A tale of two Canadian Tourists

This is a tale of two Canadian tourists. One of them has a semblance of a conscience, while the other has no conscience whatsoever. This dichotomy is unfortunately tilted heavily towards those with no conscience. For too many Canadians, thinking about miserable, enslaved, and starving natives takes all the fun out of their all-inclusive Caribbean vacation. Nevertheless, although some Canadians are too arrogant to accept the documented atrocities of the Castro regime and must see them for themselves, it is heartening to see that some are willing to admit that Cuba is nothing more than a slave plantation.

First, the Canadian tourist with some conscience:

Home is sweet – compared to Cuba

There’s nothing like a trip abroad to make you appreciate home. And after a recent sojourn in Cuba, I’ve come to appreciate things formerly taken for granted in Canada: things like fully stocked grocery shelves, freedom of the press and toilet paper in abundance.

I set out on my first visit to the small, Caribbean island with a certain political curiosity. I wanted to see the country before Fidel Castro died. What was it like for people there? Did the revolution improve the status of women? Were they healthy? Were they happy?

Cuba has always had a special place in the hearts of activists as the tiny country that pulled off a revolution, stood up to the United States and kicked out all of the foreign companies leeching off the land.

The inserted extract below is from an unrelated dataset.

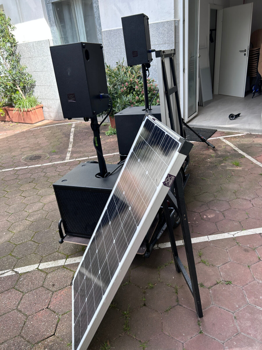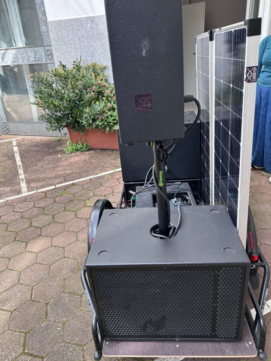 Mobiles solarbetriebenes Soundsystem und Stromspeicher für den öffentlichen Raum.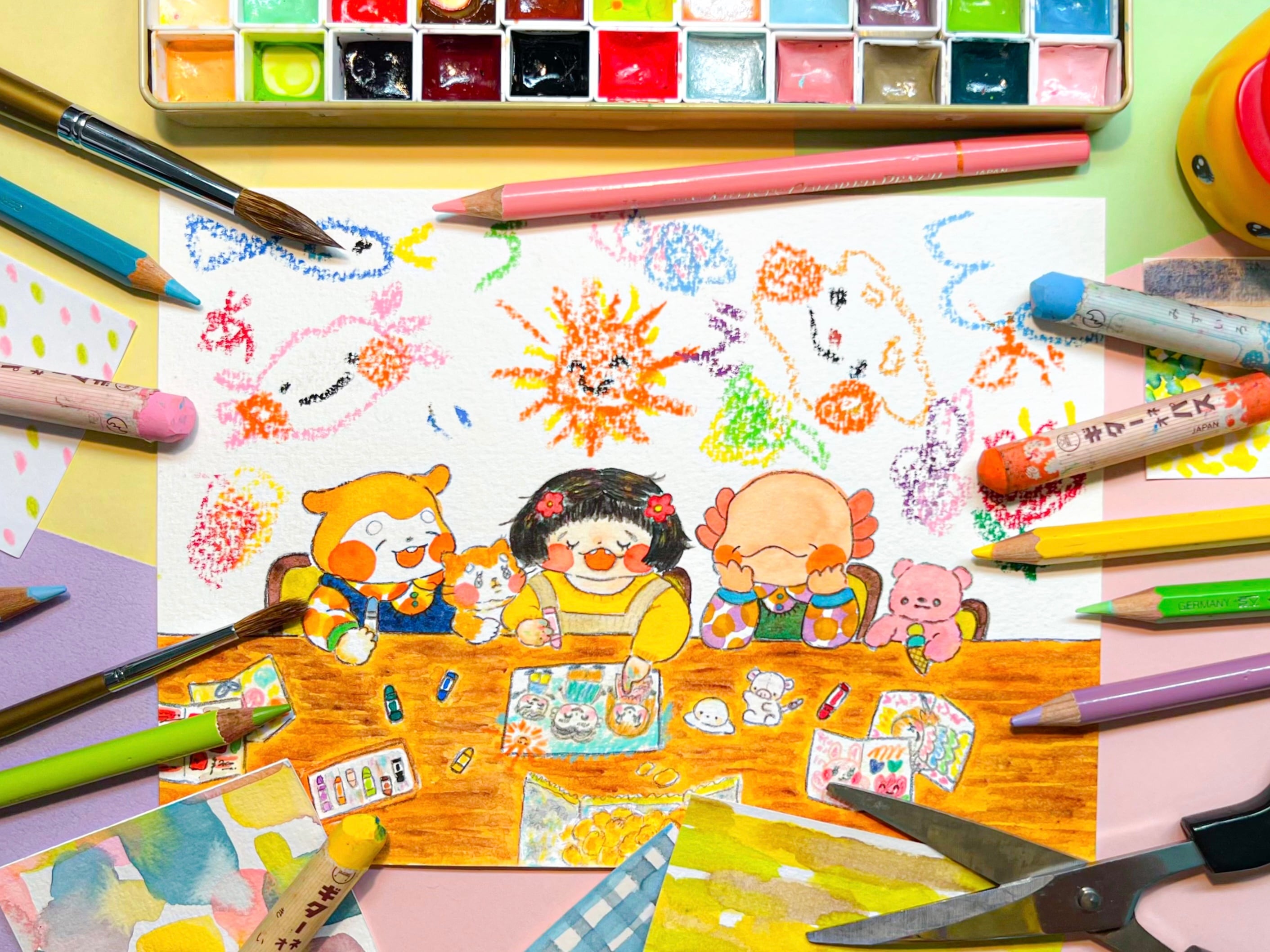 「みんなでぬくぬく」 サイズ : タテ 16cm × ヨコ 22cm (フレーム込み) 使用画材 : 水彩絵の具、色鉛筆 -------------- 必ずお読みください --------------- 【作品について】 ⚫︎アナログ作品ですので画像と実際の原画とで若干の色味の違いが生じます。 ⚫︎著作権はみやしたりのが所有いたします。 SNS等での画像掲載やグッズ等(複製)に使用する場合がございます。 ⚫︎お客様のご都合による返品・交換は基本致しかねます。 以上の点をご了承頂ける方のみご購入をお願い致します。

There’s a leftist romanticism about the place, one of the last strongholds of socialism, but in reality, it’s not that glamorous.

They have a horrible human rights record and the prestigious distinction of being one of the few countries in the world that refuses to let human rights observers into their prisons.

The average Cuban makes less than a dollar a day, Internet is heavily monitored (if you can get it) and there are only four national TV channels, all state-run.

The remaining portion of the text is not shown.